In order to be successful, I was taught to be a man, first by fulfilling the roll as my father’s Don and meson and then as one of the first female raft guides on the New and the Gauley rivers in the early 80s (anyone want to go rafting this spring). My education was completed at workshops given at the American Phytopathological Society Annual Meetings and through the outstanding mentorship I received in graduate school. The message was clear – you can be successful if you act like a man – change to fit the culture of science because it is not changing to fit you.

Once I landed a job that I loved and after I had demonstrated the level of my work to my colleagues and the producers I served, I let my hair down and began to bring my whole self 19860_1331399641568_5681620_nto work. I believe that as a result of my authentic efforts, the research station became more inclusive and less hierarchical. Additionally, I began to use all my talents to serve my community (I directed a semi-professional belly dance troupe to raise funds for women’s issues and to promote girls in STEM in the community). I began to work toward filling the STEM pipeline with local talent and my byline became “We grow more than lettuce, we grow scientists too” (thanks to the Salinas Mayor). Importantly, I had the opportunity to integrate the feminine and masculine parts of my personality and use them as needed in my work and play. It felt good to be my fully authentic self. It felt like home.

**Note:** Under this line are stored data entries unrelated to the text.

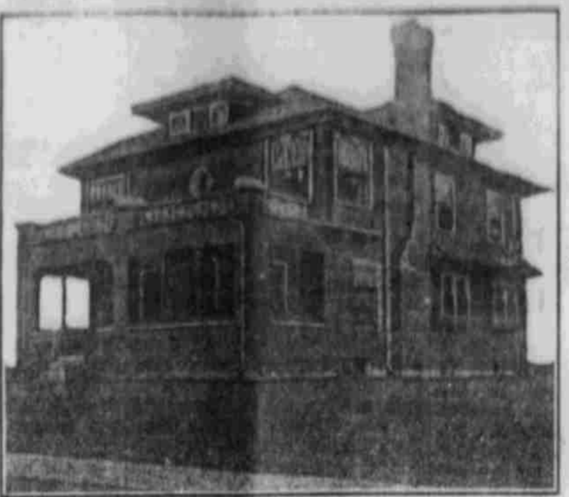
Perspektive von einer Photographie.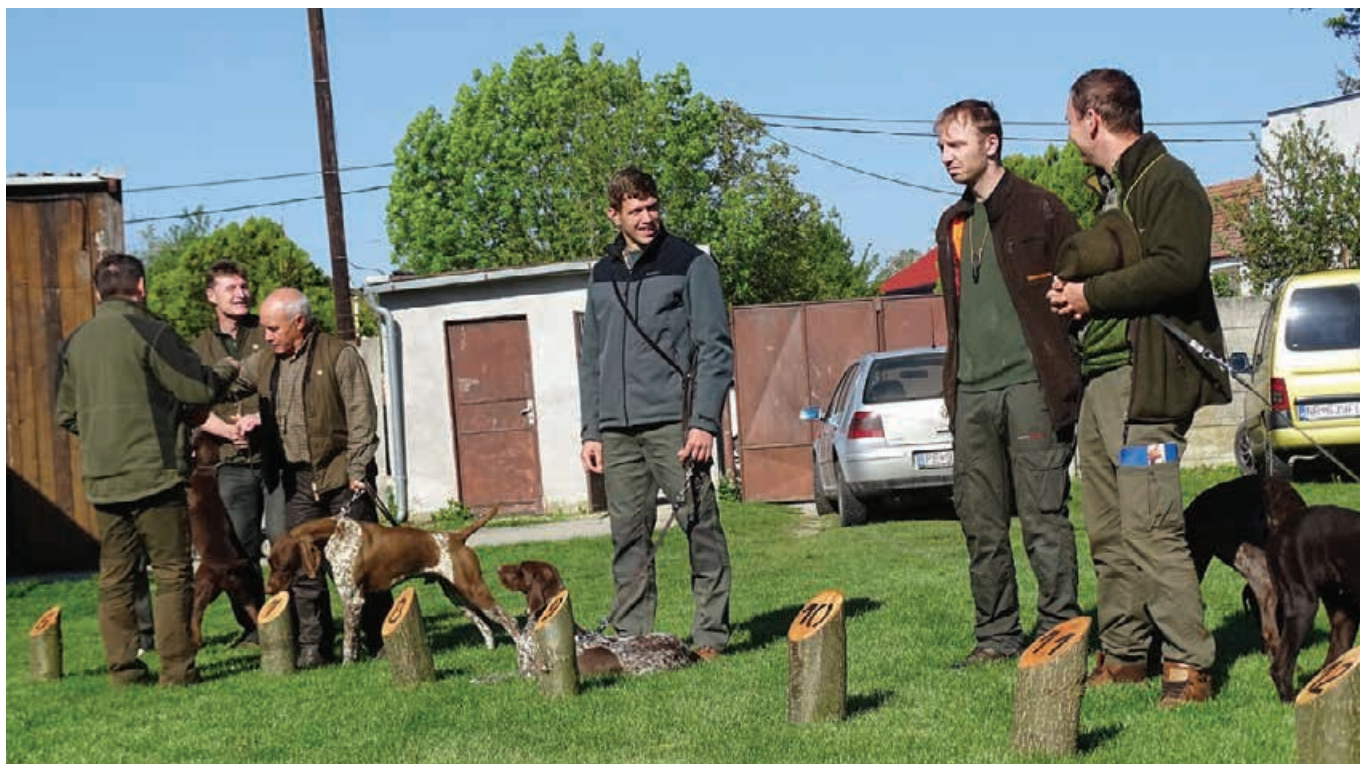
JSV - 2017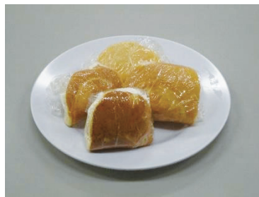
クリームワッフル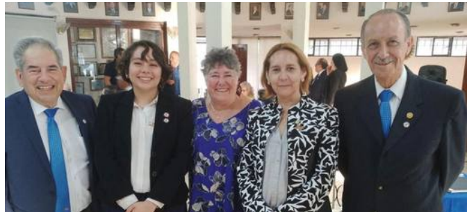
Visita a CR Queretaro

Agradecemos a todos los clubes por su apoyo y acompañamiento estamos seguros que el trabajo en equipo puede lograr grandes cosas para nuestro distrito.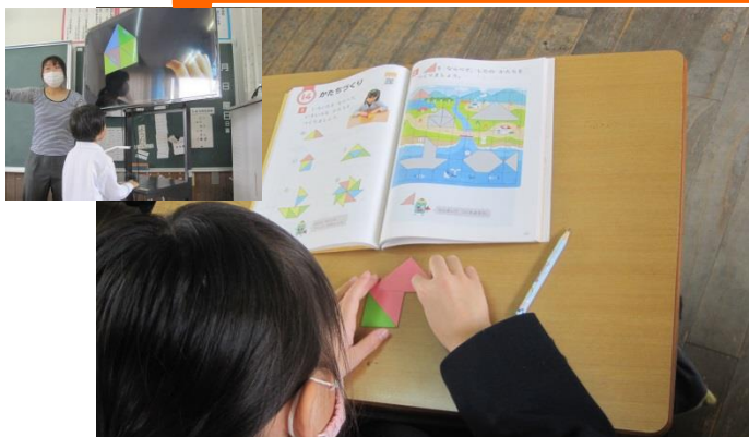
1年生 カードでかたちづくりをした算数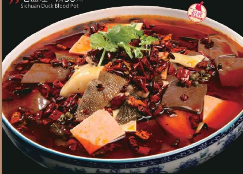
504A 毛血旺 RM 58 /份 Sichuan Duck Blood Pot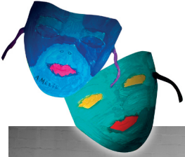
Tanz- und Gymnastikstudio am Roland

übernimmt die Lehrerband der Musikschule Wedel das Zepter auf der Bühne bei der „Kulturnacht-Abschlussparty“

In Salinas and not infrequently, my students would ask me questions about how they should change to fit into the culture of science. Should I dress differently (dress down)? Why do I need to look into the eyes of my advisor or teacher when I speak to them? Do I need to be less flamboyant? Should I cut my pony tail? I am always conflicted when asked these kinds of questions. First and foremost, I am conflicted because I want talented students to have a seat at the table and the way they will get there is different from the way I got there. Guiding them to gain the tools to be at the table was my job, but navigating cultural landmines is deeply personal. So, I explain my path of modeling myself after those who were already at the table and then quickly explain that this approach is old school. We have evolved to want more for these students and ourselves. We want diversity that makes a difference (A. Davis) and a woman that has to act like a man to succeed negates the diversity we want. Today we talk about bringing your whole self to work and shaping the culture from those participating so that each can be a co-worker in the kingdom of culture (W.E.B Du Bois). Despite our movement toward a shared culture we know that unconscious biases can still trip us up on the way to the table and that is what drives my conflict when asked for advice like this. Additionally, these questions indicate that the students were experiencing what Du Bois referred to in The Souls of Black Folk as Double Consciousness. My students knew they belonged because of their talent but felt like the greater science culture didn’t accept them as they were. I will likely feel conflict until we can overcome this and develop a truly inclusive culture of science.

I was attracted to PPEM because the people were caring and had enormous untapped potential. It is the caring nature of PPEM that will drive us to be more inclusive. We would be horrified if someone in our midst felt like they were an outcast and a stranger in my own house (department in our case; Du Bois). Diversity and inclusion were in the PPEM strategic plan long before I arrived and I imagine that at least part of the reason you chose me to serve you as your head was because of our mutual commitment to learning and acting on knowledge to improve diversity and inclusion. With these thoughts in mind, we are starting a series of activities to look at our inclusivity.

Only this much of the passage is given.